START RECORDS FOR THIS TASK

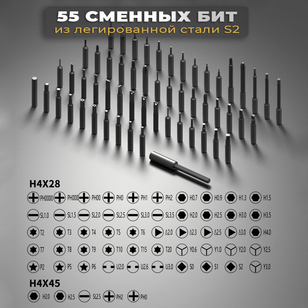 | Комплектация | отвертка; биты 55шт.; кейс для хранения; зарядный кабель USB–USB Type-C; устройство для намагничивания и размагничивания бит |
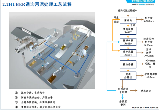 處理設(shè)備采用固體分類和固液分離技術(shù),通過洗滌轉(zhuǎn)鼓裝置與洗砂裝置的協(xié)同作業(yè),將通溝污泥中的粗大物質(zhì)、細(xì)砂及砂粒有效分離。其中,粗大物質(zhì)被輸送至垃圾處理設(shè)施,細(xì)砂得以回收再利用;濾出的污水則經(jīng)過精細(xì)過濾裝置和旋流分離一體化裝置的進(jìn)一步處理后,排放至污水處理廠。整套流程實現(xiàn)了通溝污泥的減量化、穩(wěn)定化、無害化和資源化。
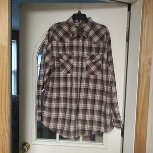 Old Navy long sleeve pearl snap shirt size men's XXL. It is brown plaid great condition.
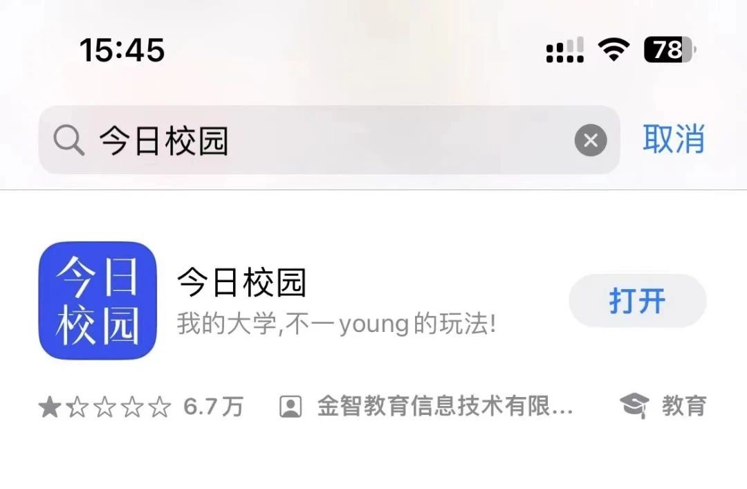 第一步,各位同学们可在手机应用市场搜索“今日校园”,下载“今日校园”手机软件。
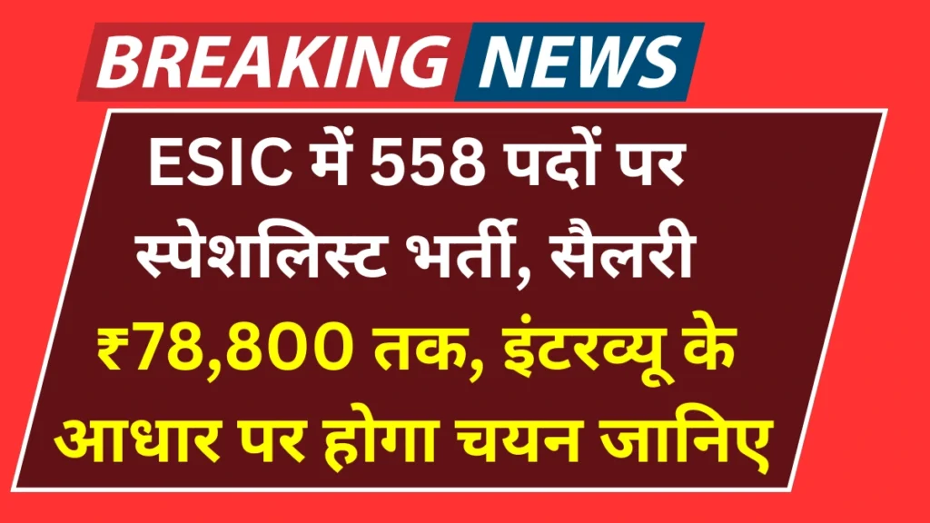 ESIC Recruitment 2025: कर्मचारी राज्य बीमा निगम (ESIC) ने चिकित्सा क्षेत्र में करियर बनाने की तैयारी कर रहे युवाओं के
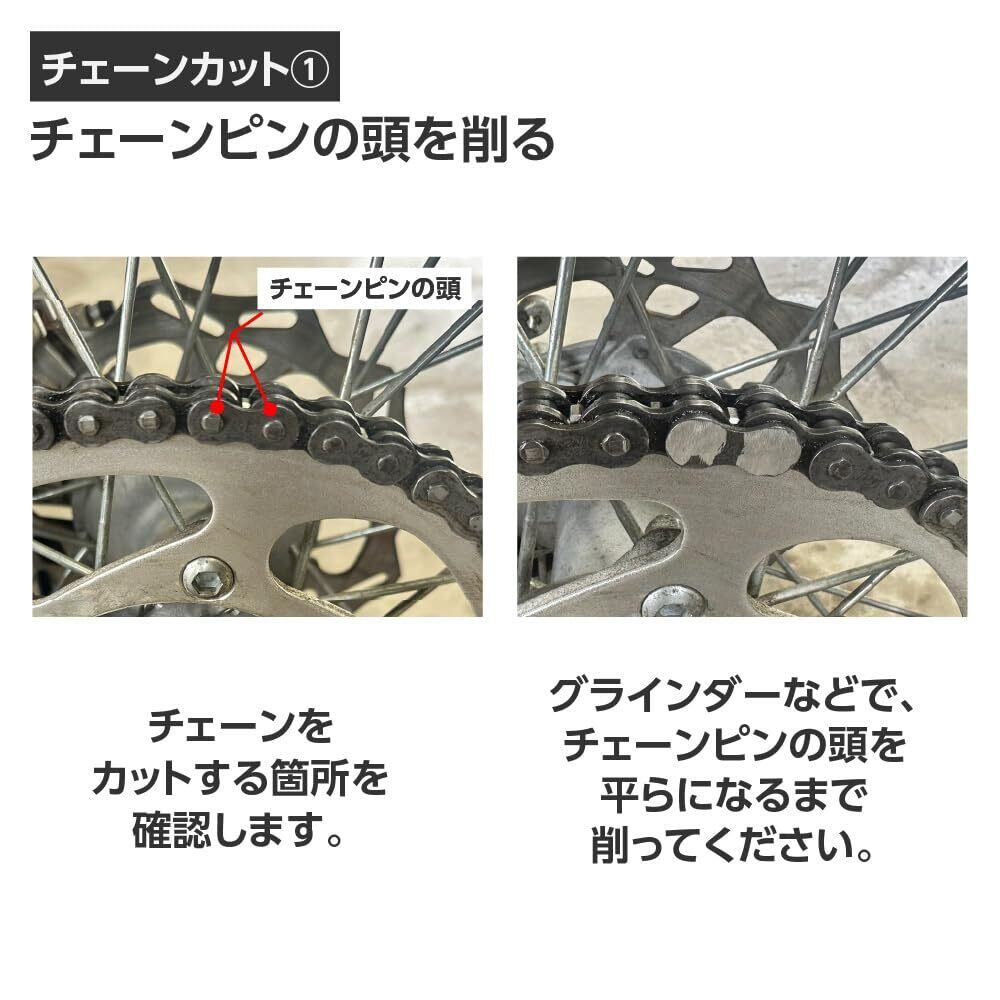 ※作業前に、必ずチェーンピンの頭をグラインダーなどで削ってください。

END RECORDS FOR THIS TASK

#### EXERCISE REQUIREMENTS
The whole listing should be restated word for word, with no pictures.

#### SOLUTION BELOW
 | Комплектация | отвертка; биты 55шт.; кейс для хранения; зарядный кабель USB–USB Type-C; устройство для намагничивания и размагничивания бит |
 處理設(shè)備采用固體分類和固液分離技術(shù),通過洗滌轉(zhuǎn)鼓裝置與洗砂裝置的協(xié)同作業(yè),將通溝污泥中的粗大物質(zhì)、細(xì)砂及砂粒有效分離。其中,粗大物質(zhì)被輸送至垃圾處理設(shè)施,細(xì)砂得以回收再利用;濾出的污水則經(jīng)過精細(xì)過濾裝置和旋流分離一體化裝置的進(jìn)一步處理后,排放至污水處理廠。整套流程實現(xiàn)了通溝污泥的減量化、穩(wěn)定化、無害化和資源化。
 Old Navy long sleeve pearl snap shirt size men's XXL. It is brown plaid great condition.
 第一步,各位同学们可在手机应用市场搜索“今日校园”,下载“今日校园”手机软件。
 ESIC Recruitment 2025: कर्मचारी राज्य बीमा निगम (ESIC) ने चिकित्सा क्षेत्र में करियर बनाने की तैयारी कर रहे युवाओं के
 ※作業前に、必ずチェーンピンの頭をグラインダーなどで削ってください。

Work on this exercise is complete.